Stocks in the News: Banks, Dell, J.C. Penney
After the Federal Reserved announced an increase in the discount rate that it charges banks for emergency loans, expect shares of most major banks to react. Shares of Bank of America (BAC), JPMorgan Chase (JPM), Citigroup (C), Wells Fargo (WFC) and Goldman Sachs (GS) were generally down over 1% ahead of the bell.Dell (DELL) reported a 5% decrease in quarterly earnings late Thursday, even as sales grew 11%, slightly topping Wall Street expectations. Dell benefited from a healthy holiday shopping season and said it sees signs of a robust return of business spending. But investors were concerned about margins and sent Dell shares down over 5.5% in premarket trading.

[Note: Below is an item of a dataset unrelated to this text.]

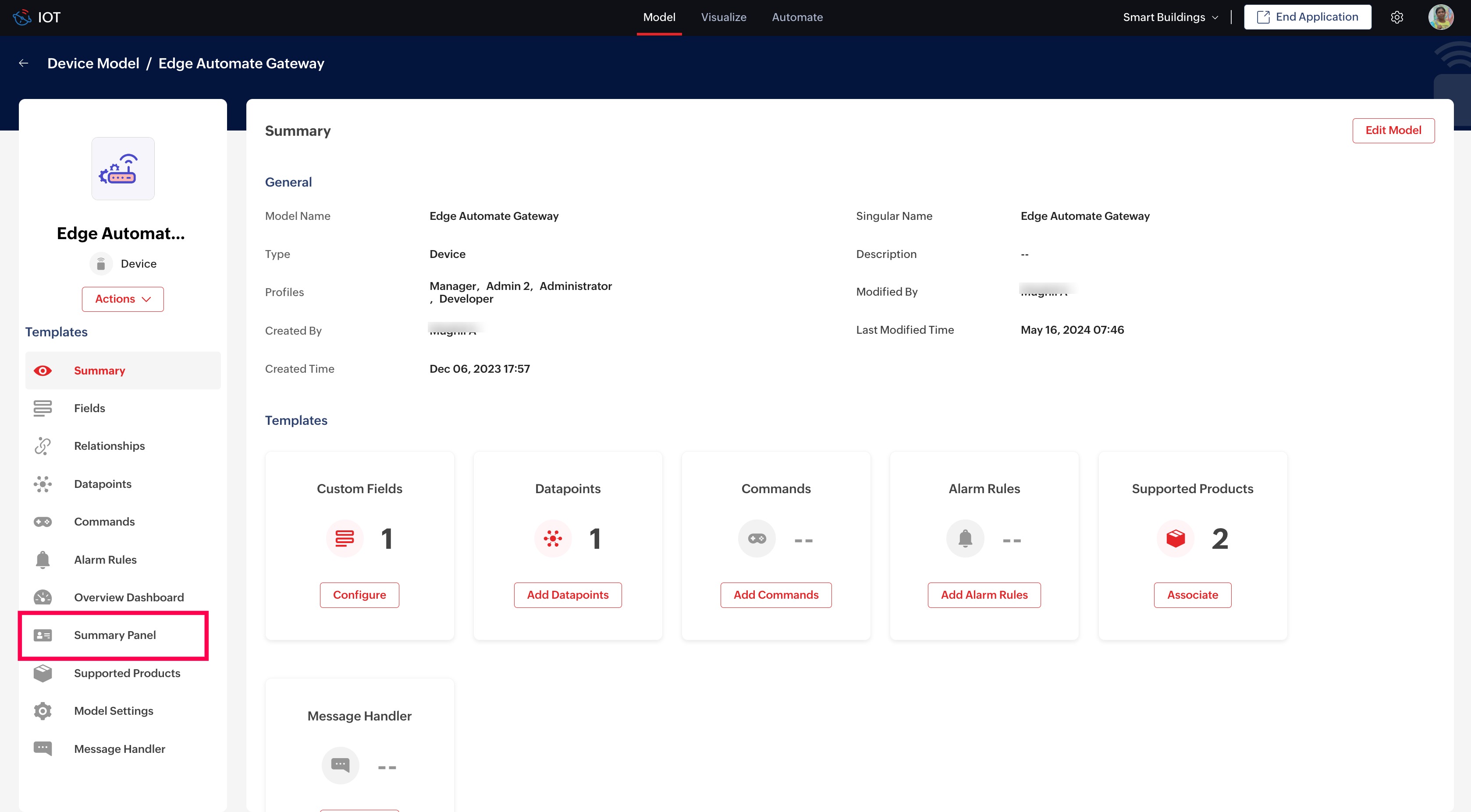 The Summary Panel in Zoho IoT presents essential information of a managed entity (

J.C. Penney (JCP) reported its fourth-quarter profit fell 5.2% to $200 million, or 84 cents a share. Adjusted earnings were $1.02 per share, much higher than estimates of 82 cents per share. The company cited improved margins from cost-cutting and leaner inventories, that offset soft mall traffic and disappointing holiday sales. Sales during the quarter fell 3.6% to $5.55 billion. Shares jumped some 5.5% ahead of the bell.
Quarterly results are still due from PG&E Corp (PCG).
Huntsman (HUN) said on Friday its fourth-quarter profit fell sharply to $66 million, or 26 cents per share, but that was due to a settlement gain last year. Huntsman is seeing improving demand globally. Excluding one-time items, the company earned 27 cents per share, handily beating estimates of of 12 cents per share. Revenue rose 2% to $2.096 billion, also topping estimates. Shares traded 2.7% higher in premaket action.
Anglo American (AAUKY) on Friday reported that full-year profits fell 54% to $2.43 billion as the global economic downturn hit sales of coal, iron ore and other metals and revenue fell by 25% to $24.6 billion. The company said it expected to resume paying dividends this year. Shares dropped over 4% before the bell.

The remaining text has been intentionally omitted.